WHAT YOU ARE ASKED TO DO
If pictures are present, leave them out, and copy the data word for word.

DATA SEGMENT

[Start of Attachment]

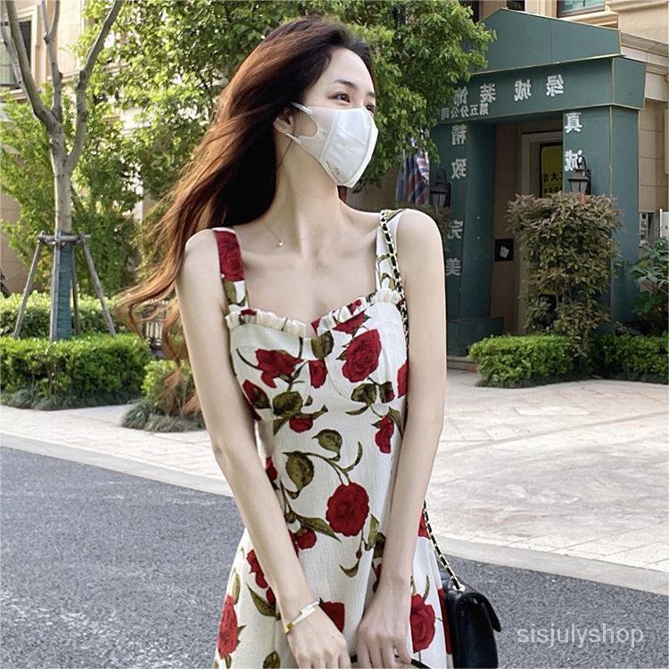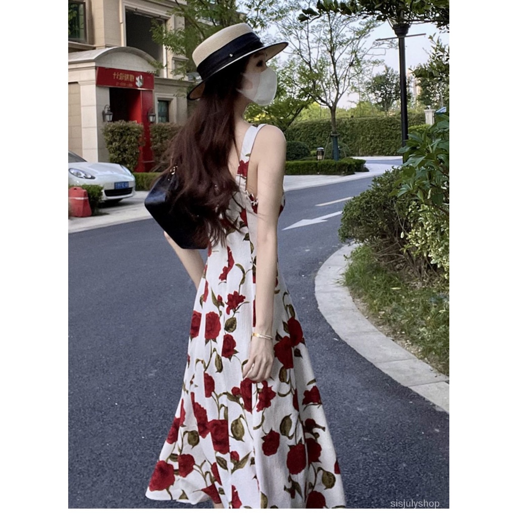 Detail [✅BISA COD] #Sisjuly# Gaun halter bunga merah Prancis wanita dengan temperamen baru gaun panjang ten
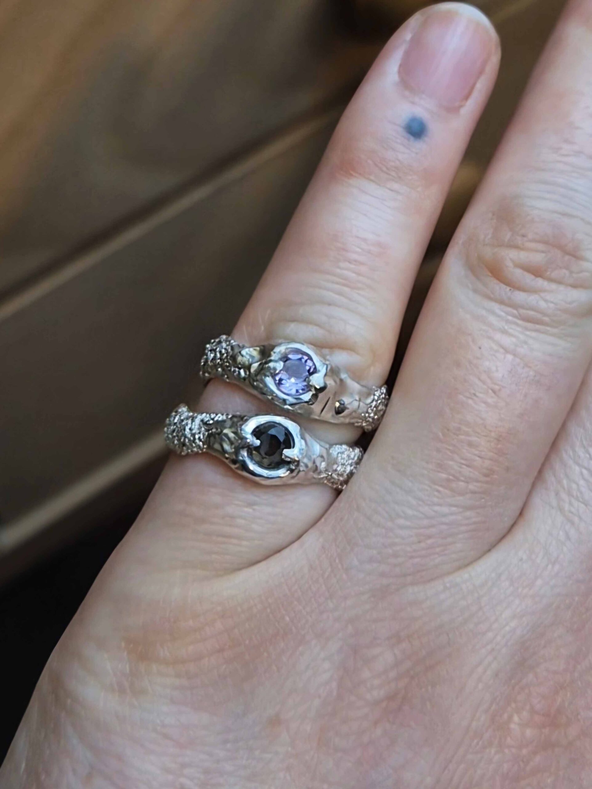 Riot jest wykonany ze srebra próby 925, a każdy pierścionek powstaje w naszej pracowni. Najpierw ręcznie rzeźbimy go w wosku jubilerskim, a potem odlewamy metodą wosku traconego, dzięki czemu każdy egzemplarz jest trochę inny i naprawdę wyjątkowy.
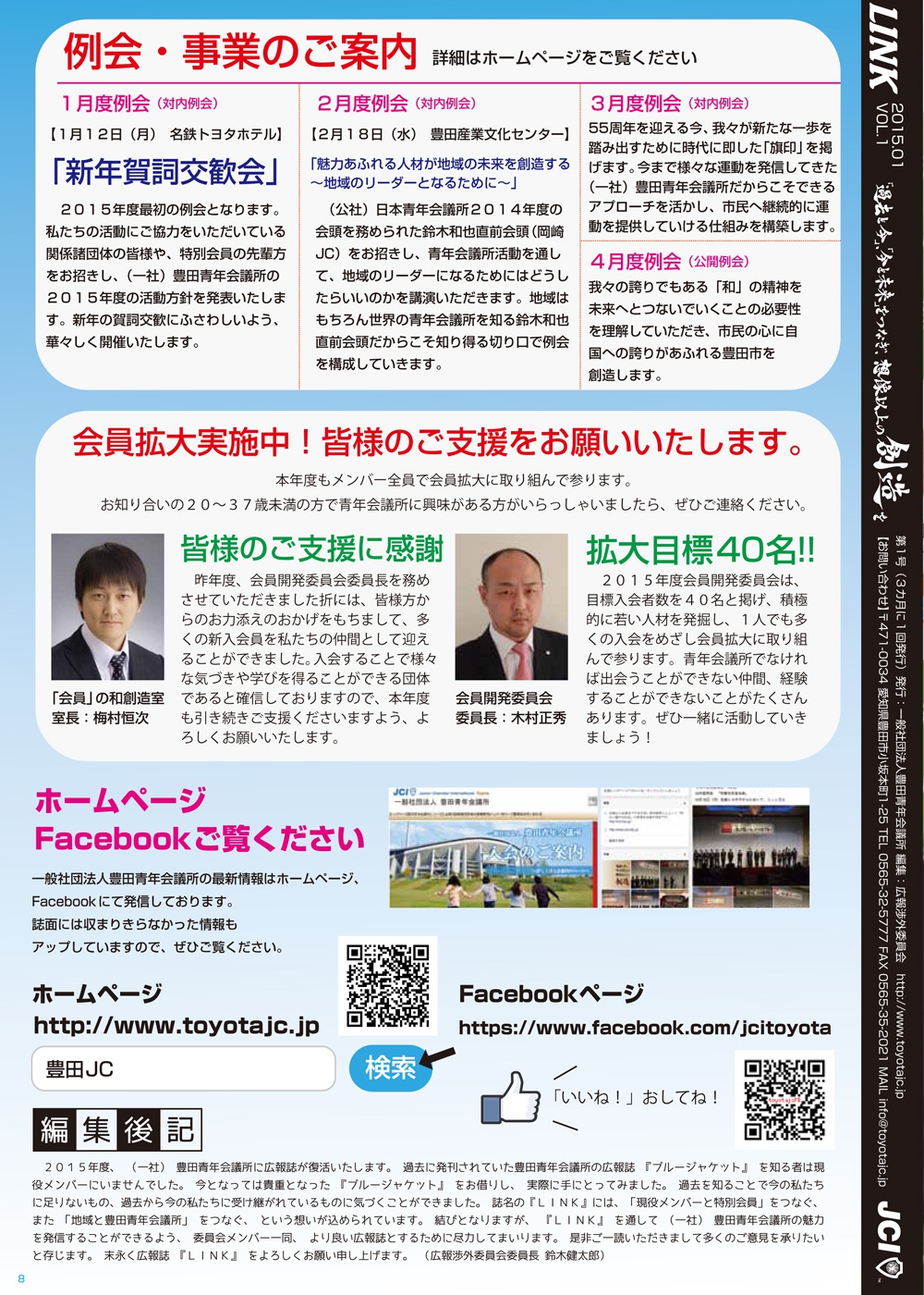 VOL8 例会・事業のご案内 まちサポ会員募集
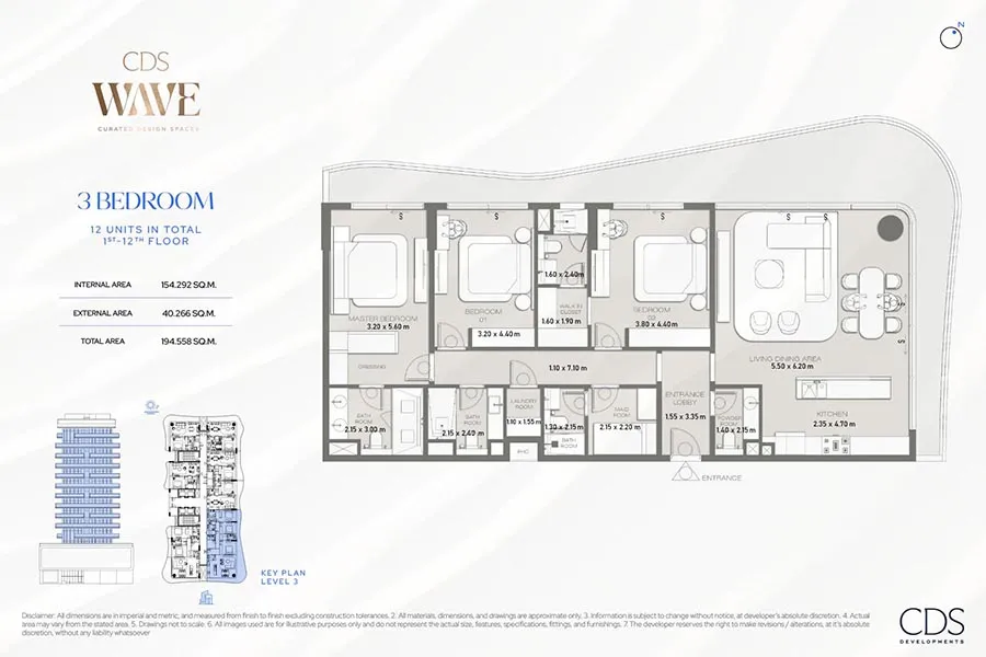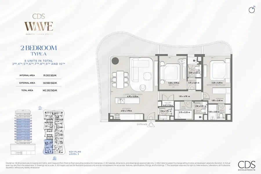 The project features a carefully planned mix of 1, 2, and 3-bedroom apartments, complemented by duplex residences with double-height ceilings that enhance space, light, and openness. As a boutique residential tower, CDS Wave focuses on privacy and quality living through limited, curated amenities tailored for everyday comfort and relaxation. The residences are designed to suit professionals, families, and global buyers seeking a sophisticated home within the evolving Dubai Islands destination.

[End of Attachment]

EXERCISE OUTPUT
 Detail [✅BISA COD] #Sisjuly# Gaun halter bunga merah Prancis wanita dengan temperamen baru gaun panjang ten
 Riot jest wykonany ze srebra próby 925, a każdy pierścionek powstaje w naszej pracowni. Najpierw ręcznie rzeźbimy go w wosku jubilerskim, a potem odlewamy metodą wosku traconego, dzięki czemu każdy egzemplarz jest trochę inny i naprawdę wyjątkowy.
 VOL8 例会・事業のご案内 まちサポ会員募集
 The project features a carefully planned mix of 1, 2, and 3-bedroom apartments, complemented by duplex residences with double-height ceilings that enhance space, light, and openness. As a boutique residential tower, CDS Wave focuses on privacy and quality living through limited, curated amenities tailored for everyday comfort and relaxation. The residences are designed to suit professionals, families, and global buyers seeking a sophisticated home within the evolving Dubai Islands destination.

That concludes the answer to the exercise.